The innkeeper came back with a platter of beef and refills of ale all around. The Bear and Wendell began to feed while the other three leaned back and pondered this story.
“Think of her,” Ann said dreamily. “Still sleeping, year after year, while leaves turn color and fall, and the seasons change, dreaming of the day her prince will come and awaken her.” She sighed. “Think of those unopened wedding gifts.”
“I wouldn’t put too much stock in that story,” said Charming. “A fairy’s magic isn’t that powerful. There are plenty of guys around who could break a spell like that. Like Mandelbaum.”

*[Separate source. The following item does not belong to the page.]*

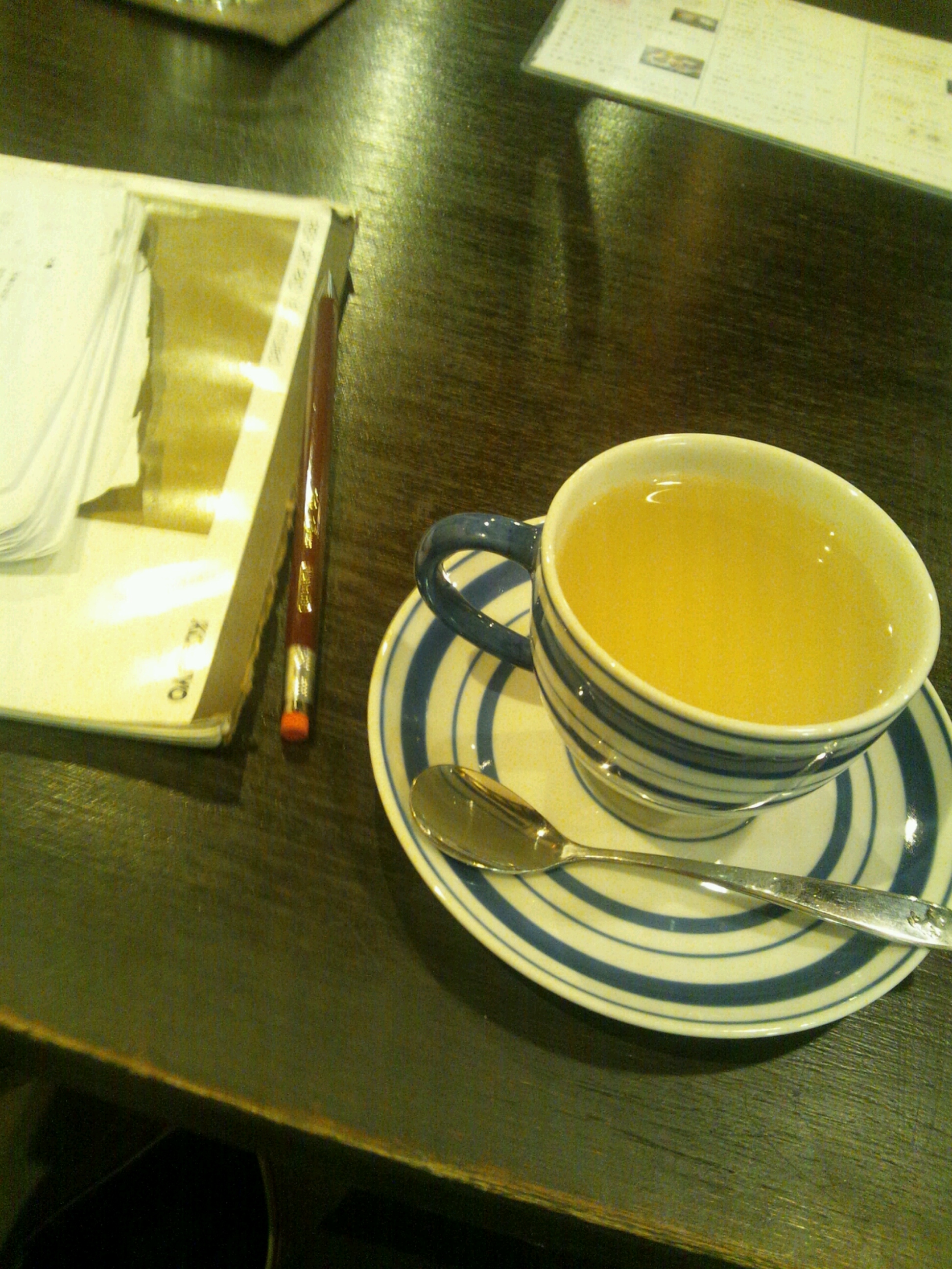 ゆるやかな音楽 時計の音 ちくたくちくたく ざわざわざわ 商店街を行く人たちが窓から見える 頼んだショウガとハチミツの飲み物がたまらなくおいしい。 ああ。幸せだ。 まもなくスタッフさんの前で通し稽古するだなんて、そんな、そんな、はっはっは。 緊張するぜ…笑 本番は15日から19日まで中野MOMOです! 是非いらしてください! 楽しませるぜい!! ちょっと暗めの話だけど(笑) 小説家が書いた虚構が現実となっていく…この世は不確かな物語。 詳細はっ★→http://ameblo.jp/tricktops/entry-11919147108.html
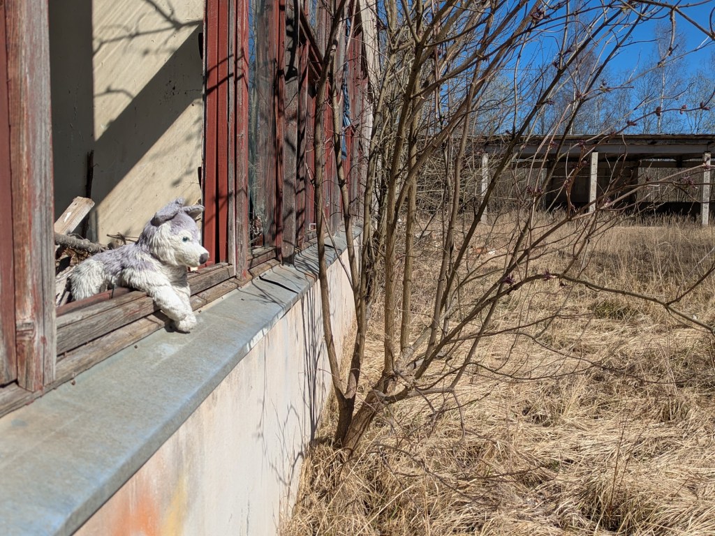 Ein etwas eigenartiger Brauch ist es, an Lost Places Plüschtiere zu deponieren. Einst hatte mich ein Pferdchen im schweizerischen Sanatorio del Gottardo erschreckt. Auch in Demene konnte man darauf nicht verzichten und drapierte unter anderem einen symbolischen Wachhund an einem der Fenster. Und einen knallrot-giftgrünen Pilz.

“In all modesty,” said Mandelbaum, “I am compelled to say there are not many sorcerers who are my equal. Nonetheless, Prince Charming’s assessment is largely correct. A grail may be too obscure and esoteric to waste much time on, but with an entire castle at stake, that wall of thorns should have been breached within hours.”
“You’re forgetting something,” said Bear, stabbing at a piece of gristle. “All the nobility of the kingdom was at the wedding. They’re all inside. As well as all the leading merchants, tradesmen, and moneylenders. It was a big wedding, you see. Everyone who was anyone was there. That damn fairy wiped out the entire leadership of this kingdom. Only peasants remained on the outside. There was no one left with the cash to hire a first-rate magician, or the leadership to take action.”